A Proline Motif on the CNK2 Scaffold Mediates Vilse Binding

To further analyze the significance of the CNK2/Vilse interaction, we sought to identify CNK2 residues required for Vilse binding. When truncation mutants of Vilse were examined for their ability to interact with CNK2 in coimmunoprecipitation assays, a protein encoding the N-terminal region of Vilse, which contains two WW domains, associated with CNK2, as did the full-length protein; however, a protein encoding the Vilse C-terminal region did not (Figure 1B). WW domains are known to interact with short proline-rich motifs [13], and CNK2 contains two such motifs, one at amino acid positions 354–357 (PPPP, P1) and one encompassing residues 703–706 (PPPP, P2). These motifs are not present in the CNK1 family member, and as expected, Vilse failed to co-immunoprecipitate with CNK1 (Figure 1C). The CNK2 P1 motif was further identified as the Vilse interaction site in that mutation of proline residues in the P1 motif (P1m), but not the P2 motif (P2m), disrupted Vilse binding (Figure 1C).

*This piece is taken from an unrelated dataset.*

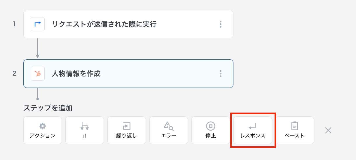 3つ目のステップとしてResponseステップを適用します。 「ステップを追加」 から「レスポンス」を選択します。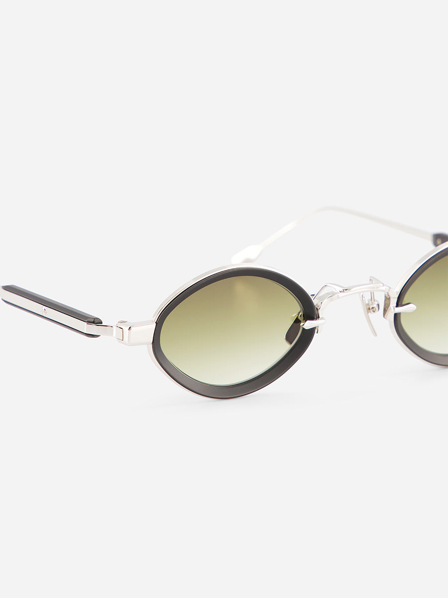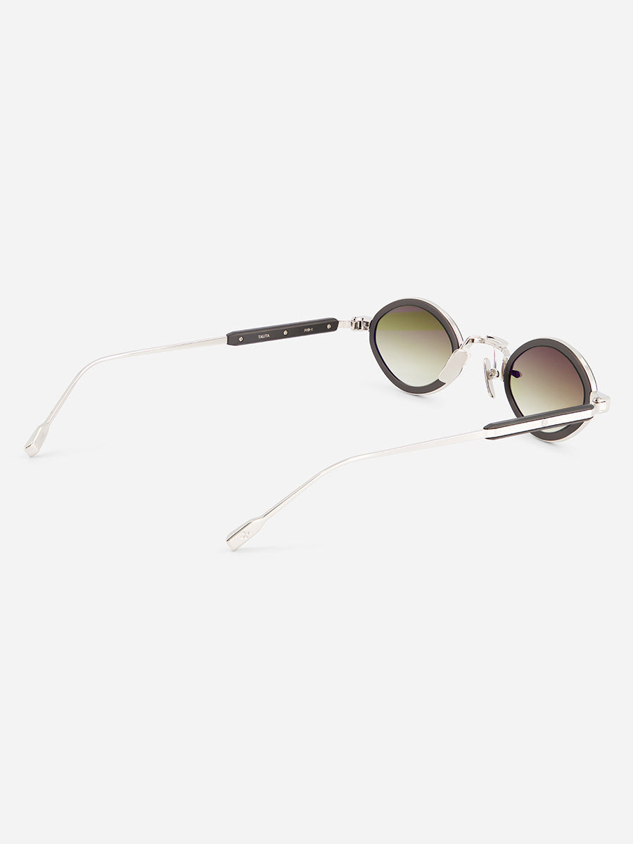 SATO KYODAI Talita P/B-1 Platinum and Matt Black sunglasses featuring oval frames crafted pure Japanese titanium.

Vilse has been previously reported to interact with the axon guidance receptor Robo1 in a manner requiring the WW domains of Vilse and the CC2 proline-rich region of Robo1 [8]. Comparison of the sequences surrounding the CNK2 P1 and Robo1 CC2 motifs revealed that both contain hydrophobic amino acids in the −1 and −2 positions relative to the core PPPP sequence and a proline residue in the +3 position (Figure 1D). Interestingly, when the CNK2 residues in the −1, −2, and +3 positions were mutated to alanine (YIPm) in the absence of the core P1 proline mutations, binding between Vilse and CNK2 was significantly reduced (Figure 1D). These findings support the model that residues flanking the proline motif may provide additional specificity for WW domain interactions, and indicate that ΦΦPPPPxxP might represent a conserved binding motif for the WW domains of Vilse. Comparative mass spectrometry analysis of GFP-WT- and P1m-CNK2 scaffold complexes further revealed that Vilse was the only CNK2 binding partner not present in P1m-CNK2 complexes (Table S1). GFP-P1m-CNK2 was fully competent to bind all other CNK2-interactors, including PSD95, β-Pix, GIT1, and Cytohesin-2 (Table S1, Figure 1E), and it exhibited a similar plasma membrane localization as did GFP-WT-CNK2 ([14, 15]; Figure 1F).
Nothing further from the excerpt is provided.